▶ [Your goal]: Your output consists solely of the lines from the one that contains "Jede Glas Magnettafel" to the end of the material, each reproduced exactly; pictures do not belong in it.

▶ [Excerpted data]:
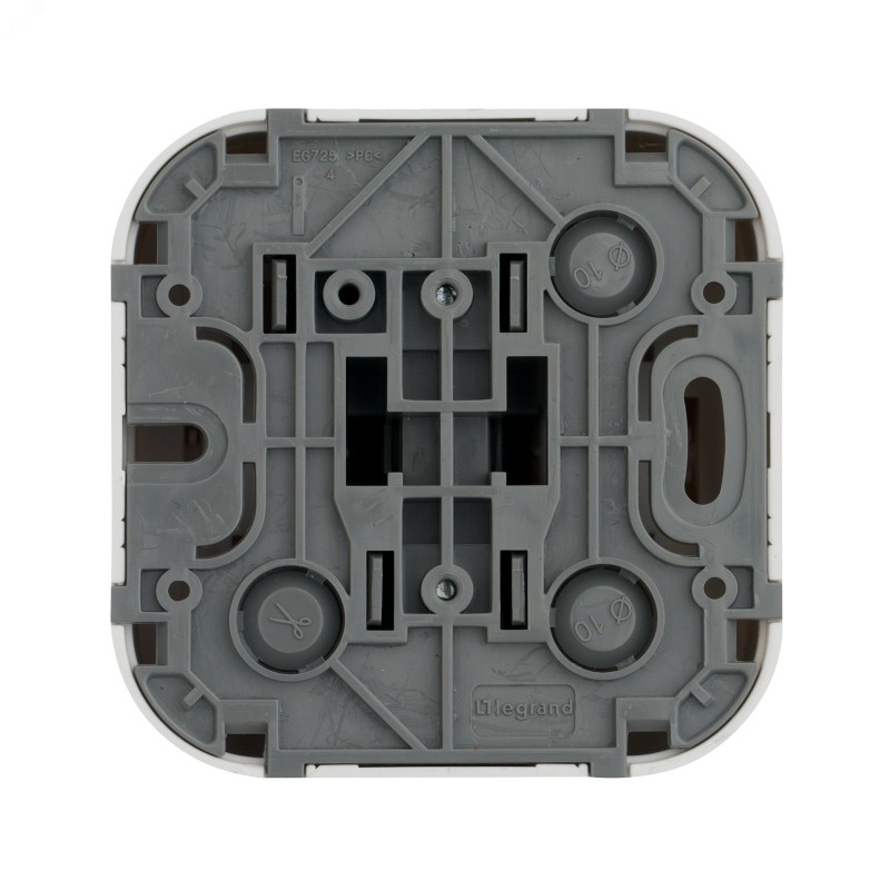 - Преимущества:Современный формат накладного монтажа|Механизм изготовлен из высококачественного поликарбоната, не проводит электрический ток, не поддерживает горение|Простое выравнивание изделий при установке в ряд, благодаря специальной форме основания|Корпус ударопрочный из пластичного полипропилена, стойкого к внешним воздействиям|Перфорация на корпусе для безошибочного вырезания отверстий при монтаже открытой проводки|В основании преднарезаны 4 отверстия для подвода кабеля при монтаже скрытой проводки
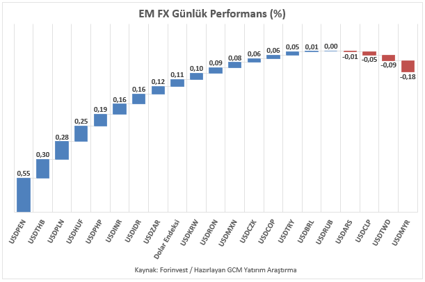 Asya, Latin Amerika ve EMEA bölgelerinden seçilmiş gelişmekte olan ülke para birimlerinin yanı sıra, karşılaştırma amacıyla dahil edilen sınırlı sayıdaki para biriminden oluşan EM FX sepetinde ise ABD Doları karşısında göreceli performans ayrışması sürmektedir. Günlük bazda en zayıf performans Peru Solu, en güçlü performans Malezya Ringgiti olarak kaydedilmiştir. Türk Lirası ise sepet içerisinde zayıf tarafta yer almaya devam etmekte olup, USDTRY kuru raporun hazırlandığı saatler itibarıyla 44,18 seviyesine yakın seyretmektedir.
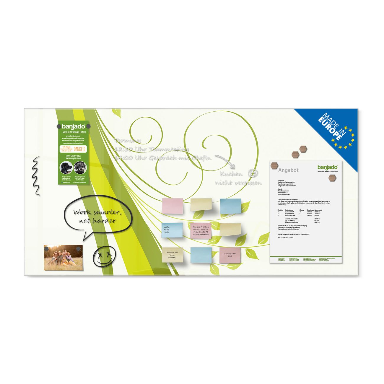 Jede Glas Magnettafel wird in unserer Werkstatt von Hand gefertigt und sorgfältig geprüft. So erhalten Sie ein echtes Qualitätsprodukt, das Funktion und Ästhetik perfekt vereint.?? Warum banjado?
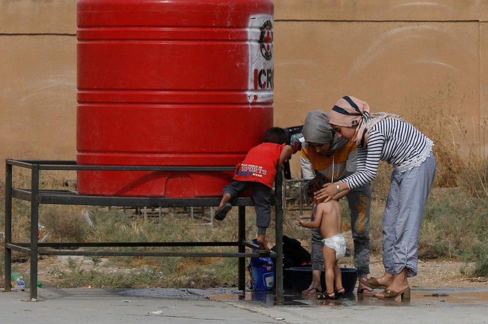 Người phụ nữ tắm cho con nhỏ dưới vòi nước trong một ngôi trường công ở Hasakah.
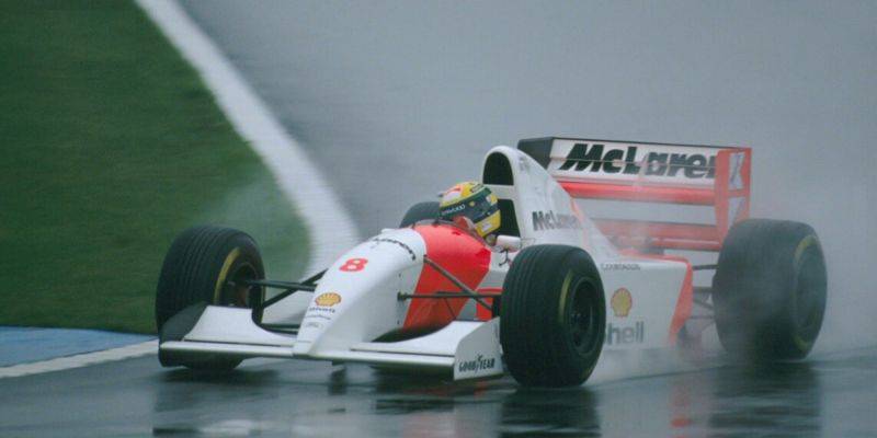 塞纳幼时就显露了他的赛车天赋,在参加 F3 比赛时三年拿下惊人的 44 场冠军,24 岁便顺利进入 F1 赛场。来到 F1 这个汽车运动的金字塔尖,他在第二年便取得首次胜利,那一场比赛瓢泼大雨终结了无数老牌冠军车手,年轻的塞纳却一路稳稳夺魁,“雨神”的称号也成为了塞纳的代名词。
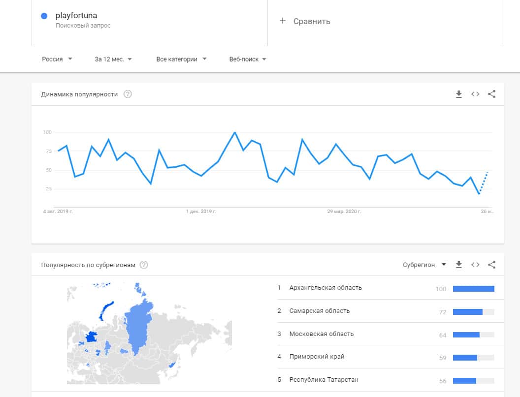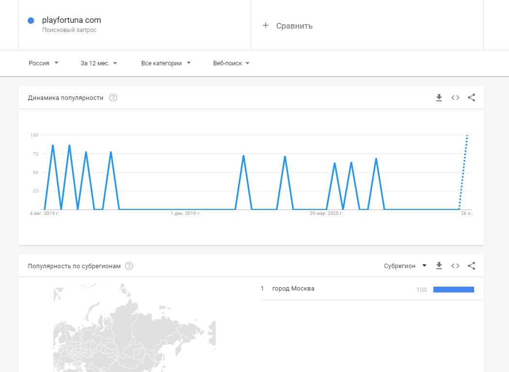 Запросы от пользователей по доменному имени "playfortuna com" в сервисе Гугл Тренд были в основном в московском регионе.

▶ [Problem solution]:
 Jede Glas Magnettafel wird in unserer Werkstatt von Hand gefertigt und sorgfältig geprüft. So erhalten Sie ein echtes Qualitätsprodukt, das Funktion und Ästhetik perfekt vereint.?? Warum banjado?
 Người phụ nữ tắm cho con nhỏ dưới vòi nước trong một ngôi trường công ở Hasakah.
 塞纳幼时就显露了他的赛车天赋,在参加 F3 比赛时三年拿下惊人的 44 场冠军,24 岁便顺利进入 F1 赛场。来到 F1 这个汽车运动的金字塔尖,他在第二年便取得首次胜利,那一场比赛瓢泼大雨终结了无数老牌冠军车手,年轻的塞纳却一路稳稳夺魁,“雨神”的称号也成为了塞纳的代名词。
 Запросы от пользователей по доменному имени "playfortuna com" в сервисе Гугл Тренд были в основном в московском регионе.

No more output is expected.